Panel: Fearful LPs shun CEE and Russia

Strong performance from Central and Eastern European and Russian managers has failed to attract the attention of limited partners concerned about the spread of financial crisis throughout the entire region, as well as corruption in Russia, according to a panel at Harvard’s recent private equity conference.

Strong private equity performance in Central and Eastern Europe and Russia has not been able to overcome limited partners’ fears of financial crisis and perceived corruption in the regions, leading to a dearth of capital for those markets, panelists at an industry event said in late February.

Media reports of economic instability in European countries have tainted investors’ perception of the entire region, including the less developed economies in Central and Eastern Europe, preventing LPs from allocating capital in a big way to managers in those areas, said ALPHA Associates managing director Richard Seewald. ALPHA manages over $2 billion for investments in the region.

Seewald was speaking at Harvard Business School’s 17th annual venture capital and private equity conference.
“I think if you asked your [non-European] friends how many positive stories they read about Central and Eastern Europe and Russia…It would probably come out at zero,” Seewald said. “That trickles down to the institutional investors that we go out to.”

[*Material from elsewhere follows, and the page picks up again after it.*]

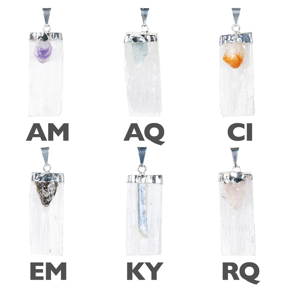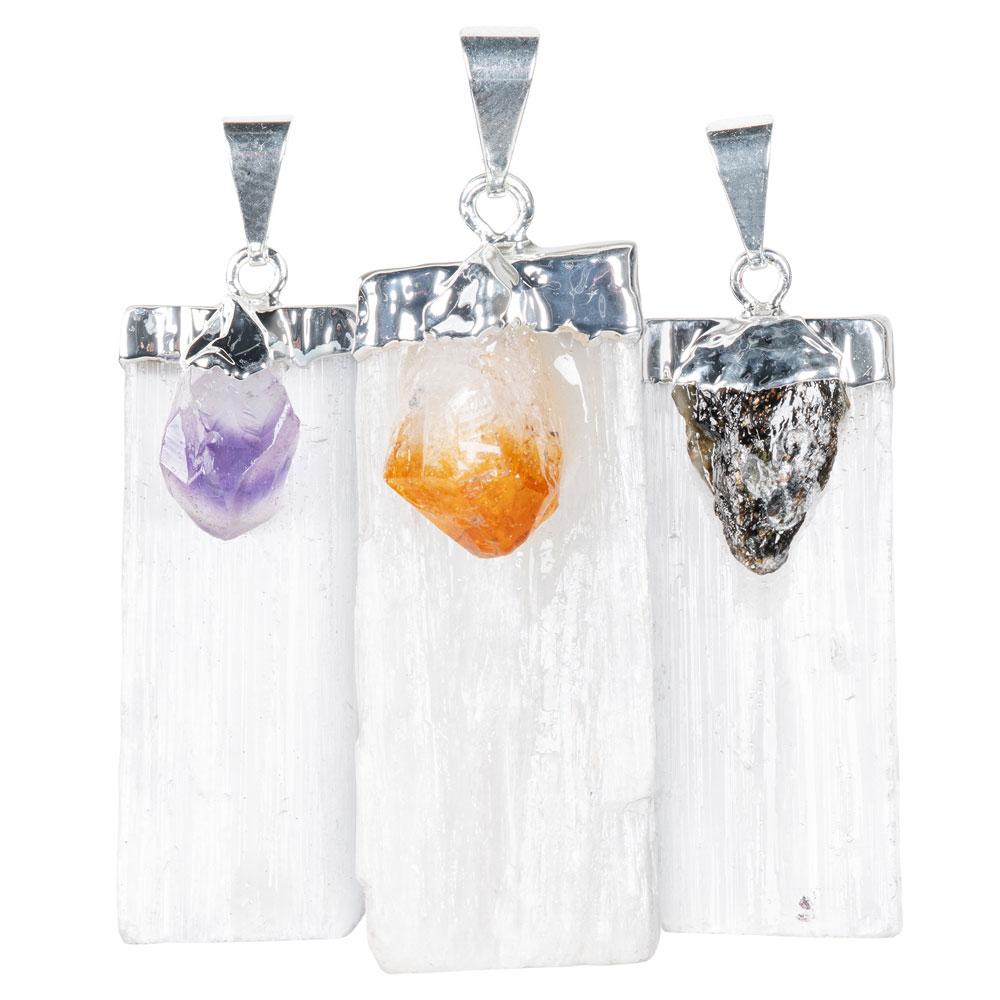 SELENITE AND GEMSTONE PENDANTS

Another reason some LPs don’t have a lot of interest in the CEE and Russia regions is the relatively small size of funds, which generally come in at $1 billion or less.

“Those are the biggest funds in the region, and at a billion you can’t get a lot of institutional money,” Seewald said.

While Asian-dedicated funds have been met with a “wall of money” Seewald said, Russian funds have not garnered anywhere near as much interest despite comparable returns.

“Asset managers can’t go to a cocktail party without having invested in an Asian fund or they’d simply be out of fashion, but Russia…is not getting that amount of money [even though] the returns are, on a risk adjusted basis, as attractive and maybe more attractive in many respects,” he said.

Russia’s thriving public markets have also failed to grab the attention of investors, said Michael O’Flynn, managing director at Moscow-headquartered UFG Private Equity.

“The Russian stock market is up 1000 percent in the past decade. It’s absolutely trounced China, trounced Latin America, but nobody cares,” O’Flynn said.

LPs also have fears about corruption in Russia, which has kept them from gaining large exposure to the country.

“[There] is this idea that you can’t trust the books in Russia,” O’Flynn said. “The biggest financial scandals in the world have happened in the US and in India and I’m sure there are some out there in Russia that are waiting to be found…but at the end of the day it creates opportunity.”

The lack of competition for deals is an advantage for the firms that work in the region, according to Pekka Santeri Mäki, managing partner at 3TS Capital Partners, which has offices throughout Central and Eastern Europe.

“Actually we are pretty happy that there isn’t too much money and too many firms chasing all these great companies,” he said. “When you talk about first mover advantage, when I started investing in the region in November 1990, I didn’t think I would be a ‘first mover’ 21 years later.”